Dans ce paysage naturaliste qui fut un creuset pour le versant physique de l’impressionnisme, la représentation des éléments, l’esprit de la ferme Saint-Siméon joua un rôle capital puisqu’il favorisa le mélange d’une nature sublime mais bien souvent rude, triste, violente, avec ses habitants permanents ou provisoires, saisis dans la cruelle vérité de leur labeur ou de leur oisiveté. En 1870, avec la vente de la ferme, la légende de Saint-Siméon commence.

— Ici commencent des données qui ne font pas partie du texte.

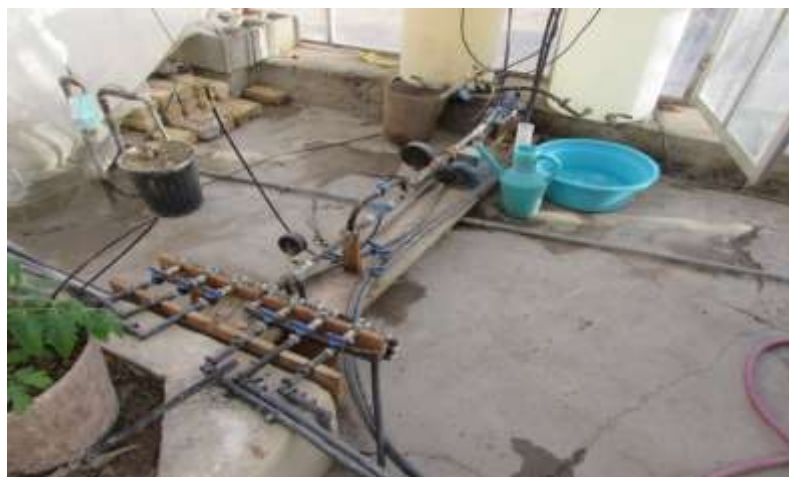
شکل ۶- سامانه اکسیژن - آبیاری در حال کار در گلخانه

برداشت میوه از دهه سوم آذرماه یعنی حدود ۲ ماه پس از انتقال نشاءها آغاز و تا زمان بوته‌کشی و جمع‌آوری بوته‌ها ادامه داشت. از آغاز باردهی بوته گوجه‌فرنگی، به صورت هفتگی عملکرد محصول، آب مصرفی در تیمارهای مختلف، تعداد میوه در بوته، ارتفاع بوته و خصوصیات ظاهری گوجه‌فرنگی نظیر اندازه و وزن غده و نیز در پایان آزمایش، وزن ریشه خشک اندازه‌گیری شد. برای تأمین سطوح موردنظر تهویه آب آبیاری، روی لوله آبیاری هر یک از تیمارهای ۱۲ درصد و ۲۴ درصد یک ونتوری Mazzei™ مدل ۲۸۷ نصب شد. در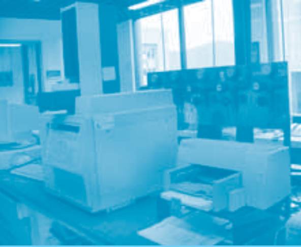
Cromatógrafo de gases para análisis de estupefacientes

Atiende los departamentos de Cauca, Nariño, Huila, Putumayo y Valle del Cauca.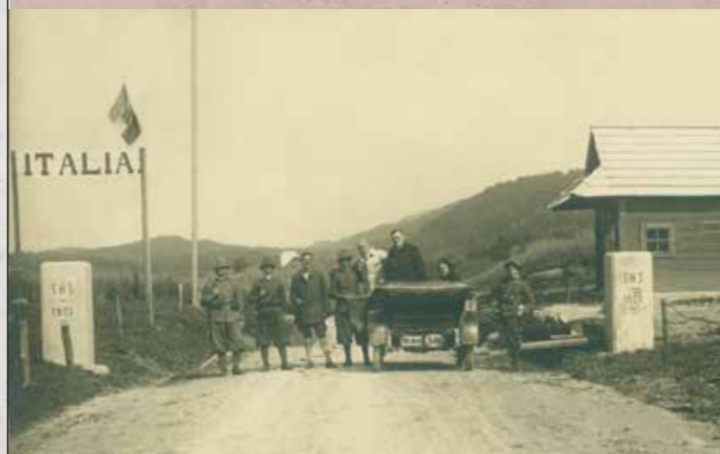
Mejni prehod med Kraljevino Srbov, Hrvatov in Slovencev in Kraljevino Italijo pri Hotedršici po podpisu Rapalske pogodbe (1920).

je poudarjala predvsem ekonomske prednosti in ohranitev enotnosti Celovške kotline. Avstrijska stran je po plebiscitu nadaljevala z raznarodovalno politiko, s katero so Koroškimi Slovincem začeli omejevati jezikovne pravice, ki so si jih izborili v Avstro-Ogrski. V letih po plebiscitu so nemški nacionalisti v več organizacijah izvajali pritiske na Slovence, ki so glasovali proti združitvi z Republiko Avstrijo, in sprožili val izseljevanja.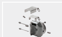
126.102 Сварочная насадка (металлическая основа)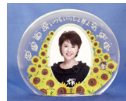
いつもいっしょだよ基金 モニュメント

新たに基金を発足させ、東日本大震災でご家族を亡くされた1,000名のご遺族に対して、今、モニュメントを差し上げる活動をさせていただいています。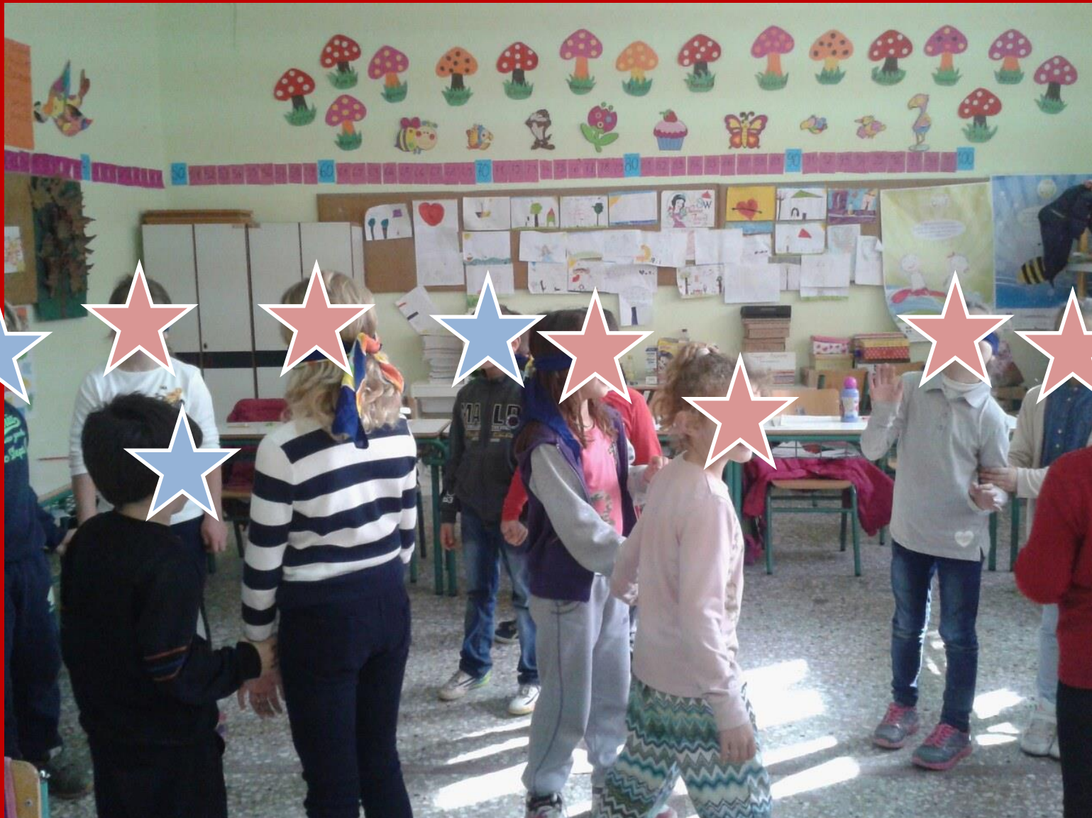
Ενημέρωση και ευαισθητοποίηση μαθητών/τριών γενικών τάξεων σχετικά με τα ΑμεΑ - Δ/Σ Πευκοχωρίου Χαλκιδικής - 3ος μήνας How can a teacher inform and sensitize his/her students about disability - P/S of Pefkohori, Halkidiki - 3rd month

La peinture qu’elle aura donnée est toujours comme un autoportrait de l’artiste, mais elle n’est plus le miroir lisse et silencieux de l’âme, elle est aux prises avec la vie.

1. Bergeret, 1994, p. 8.

2. Jules et Edmond de Goncourt, Manette Salomon, cité dans Laurent Manœuvre, Boudin et la Normandie, Paris, Herscher, 1991, p. 72.

3. Baudelaire, « Salon de 1859 », 1987, p. 666.

4. Lettre de Boudin, 1868, Bibliothèque Jacques-Doucet, Paris.